Sayonara Social Media, Part 2

A couple of weeks ago, Carlos commented that I seemed “more relaxed” and “happier.” I too, had noticed a change in myself, but couldn’t quite put my finger on what it was. After thinking about it for a few days, I realized that I felt less anxious. Seeing as how, for the past 6 weeks, I’ve been teaching VIPKID classes in the mornings and at night because the kids have been on summer break, it’s not due to the fact that I’ve had less work. And Sophia is at a stage where she requires more activity and stimulation than ever before. Finally, Carlos has been working more so I don’t get near as many “breaks” as I used to.

By all accounts, I should be more anxious. The only thing to which I could attribute my “more relaxed” and “happier” nature is the social media break. My self-worth and sense of importance were more linked to my social media accounts than I would have liked to admit. I also realized that I was using reactions (“likes” and comments) to my daughter’s cuteness to make me feel good about myself, and that is wrong on so many different levels. Additionally, the pressure to present myself in a way that others liked or weren’t offended by was something I thought about too much. Now, there’s no worrying that people are thinking my marriage is on the rocks because it’s been weeks since I posted a picture with Carlos, or whatever it was I used to worry about.

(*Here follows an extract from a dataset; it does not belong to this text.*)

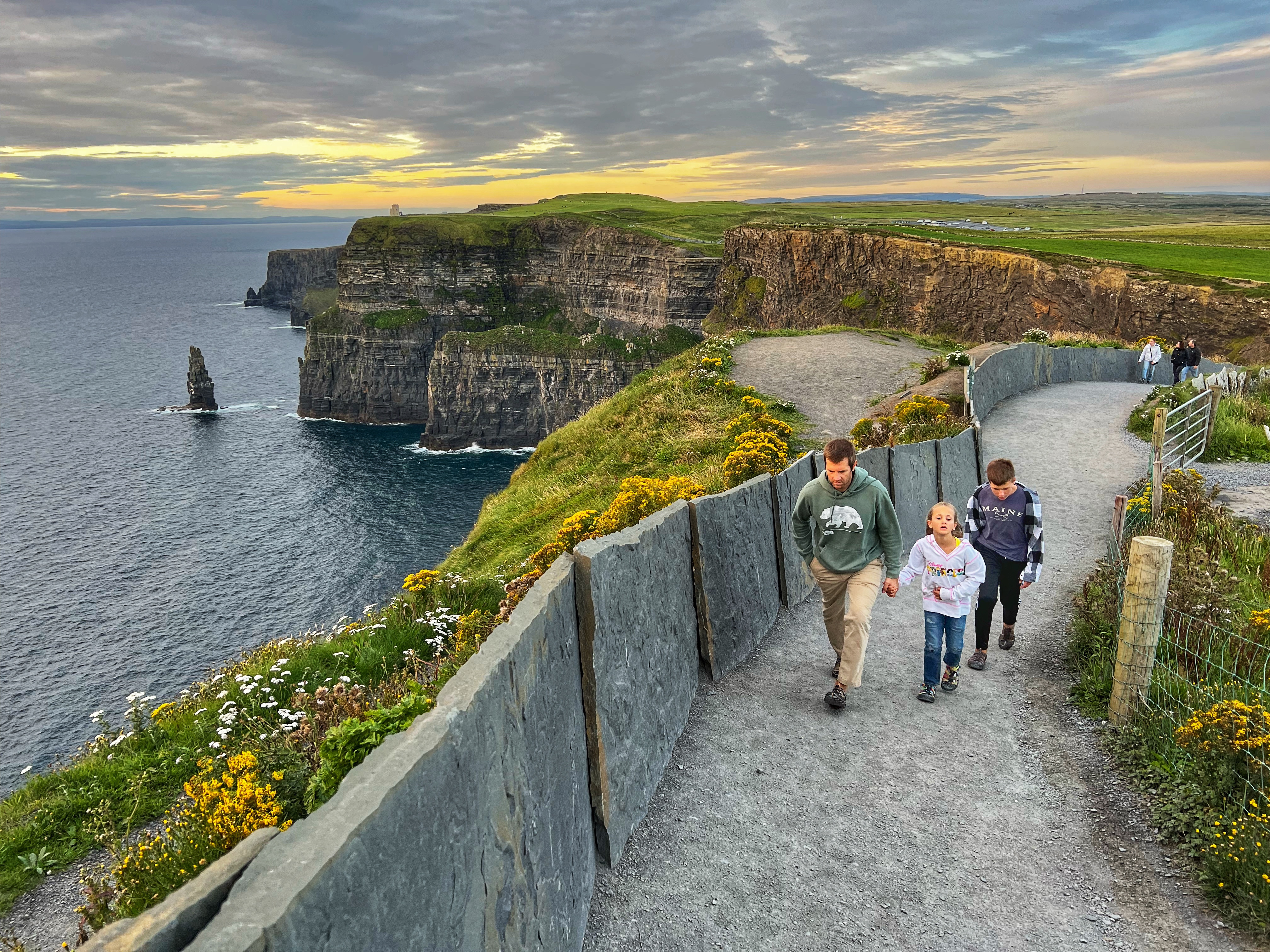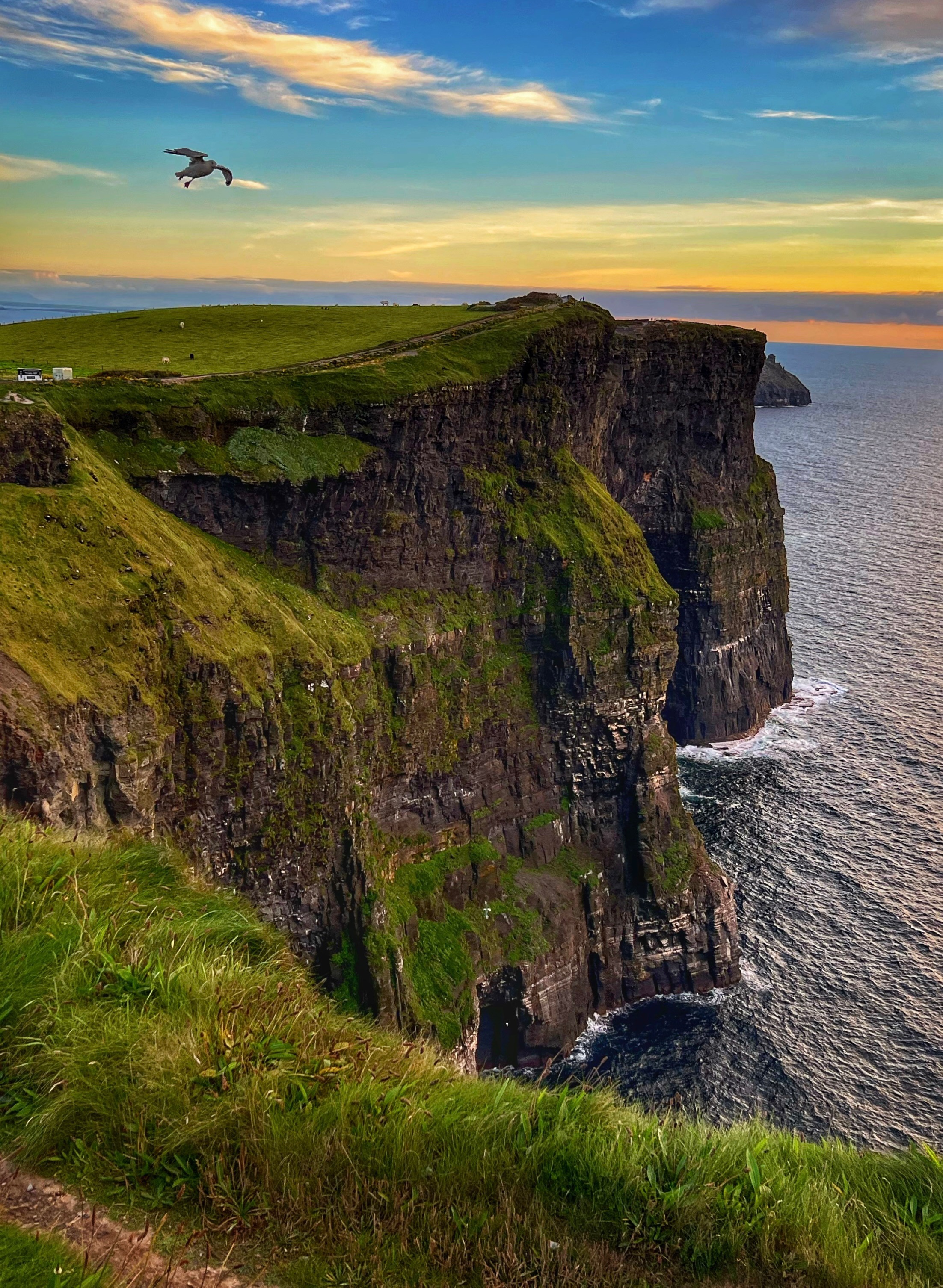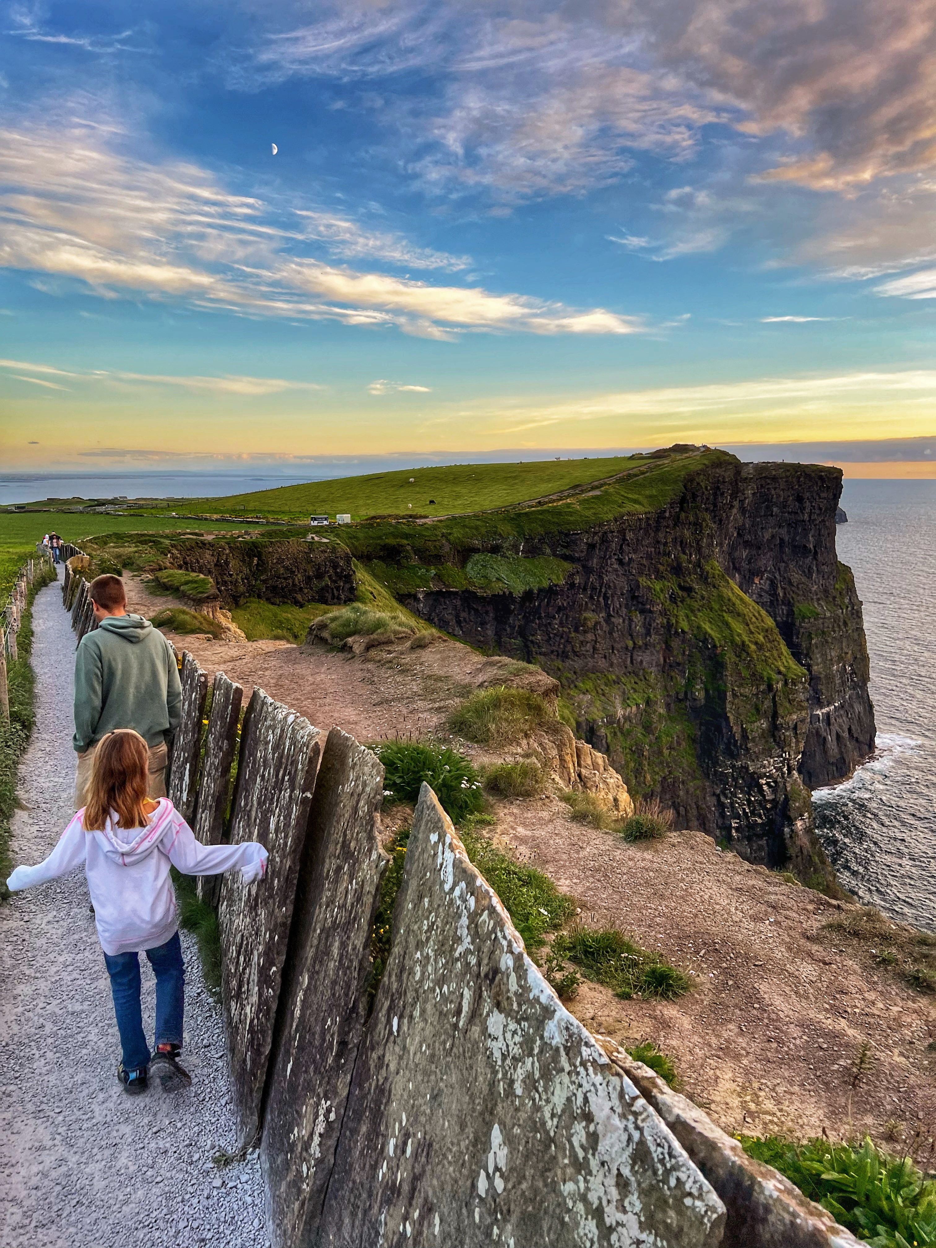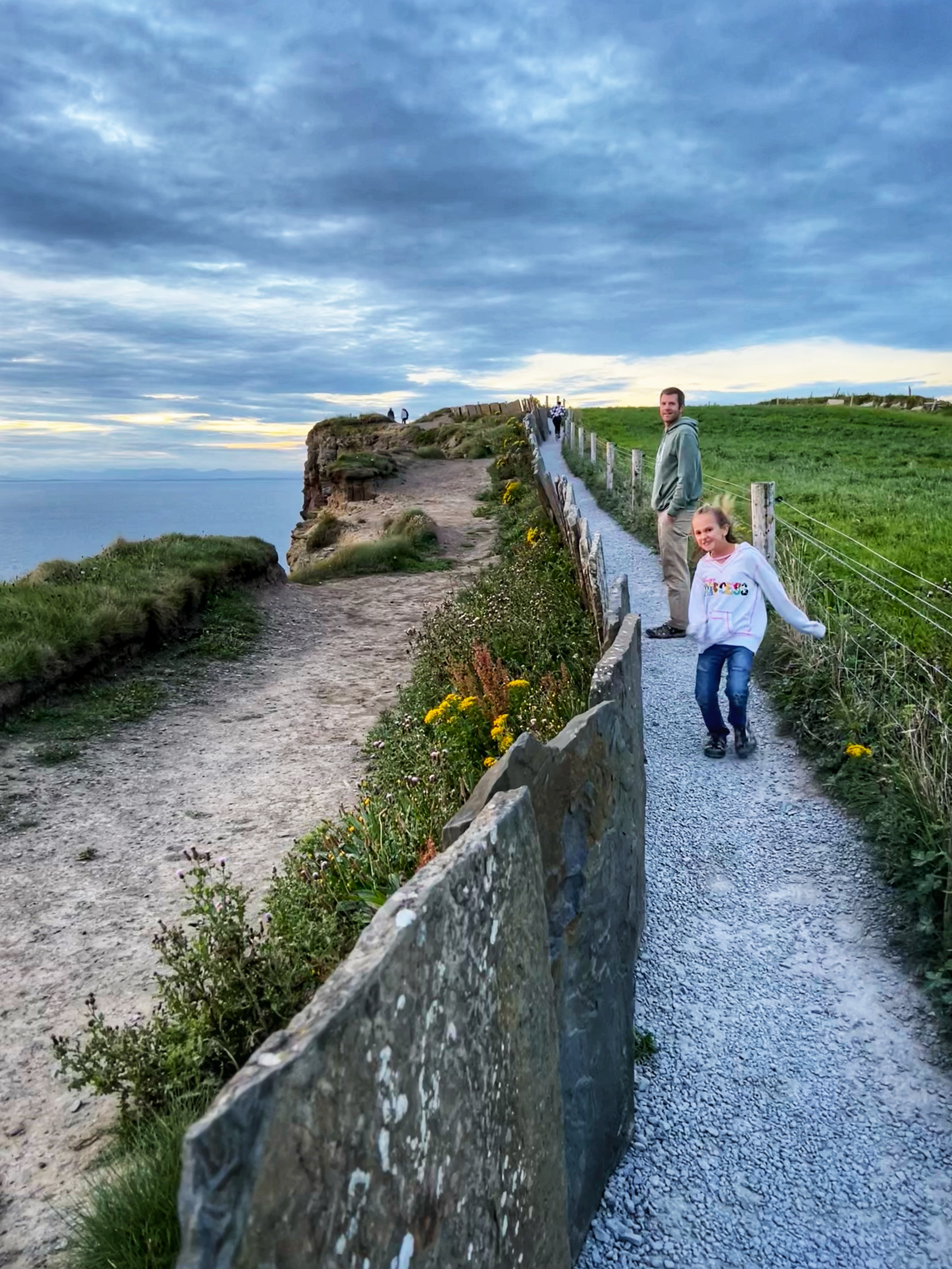 If you arrive a bit earlier, you can visit the Hungry Veggie (below) a food truck located on Burren Way path out to the south Cliffs of Moher viewpoint in the direction of Hag’s Head. I wish we could’ve had a bite to eat here before they closed at 5PM. I messaged the owner on instagram @thehungryveggiefoodtrailer to find out the hours and he said 12-5PM weather permitting, except Tuesdays. There are many, many trails along the cliffs of Moher. The most popular ones lead to O’Brien’s Tower to the north, and Moher Tower at Hag’s Head to the south. We didn’t have time to hike all the way to Moher’s Tower, but we were able to fit in walks from O’Brien’s Tower all the way to Johnston’s Quarry viewpoint area in the 2 hours we stayed to watch the sunset. The hike from the visitor center to Hag’s Head would take about one hour. The trails are very well marked and labeled (with warning signs), but people were still hopping over for closer-to-the-cliffs views. Just be extra careful, especially with kids.

I was recently listening to a podcast hosted by a girl who writes a famous lifestyle blog, and she was talking about, these days, how important it is to have a “brand” and to be churning out new “content” on whatever social media platform one may have. She even went so far as to say that a person is “irrelevant” if they aren’t producing the aforementioned “content” and how no employer is looking to hire anyone without a “social media presence.” I guess it’s a good thing I’m not looking for a job, then.

I’m not here to rag on social media. I’m simply trying to talk about how much its absence has benefitted my life. I though I would see benefits in my personal life, yes, but I didn’t expect the benefits to also be noticeable to my family, and so soon. For that I am very thankful.


One Comment Add yours

  1. Jill Douglas says:

    Ha–I was just about to “like” this post, and then I thought, “wait–is that counterproductive?” 😉 Either way, good for you! Do what works best for you!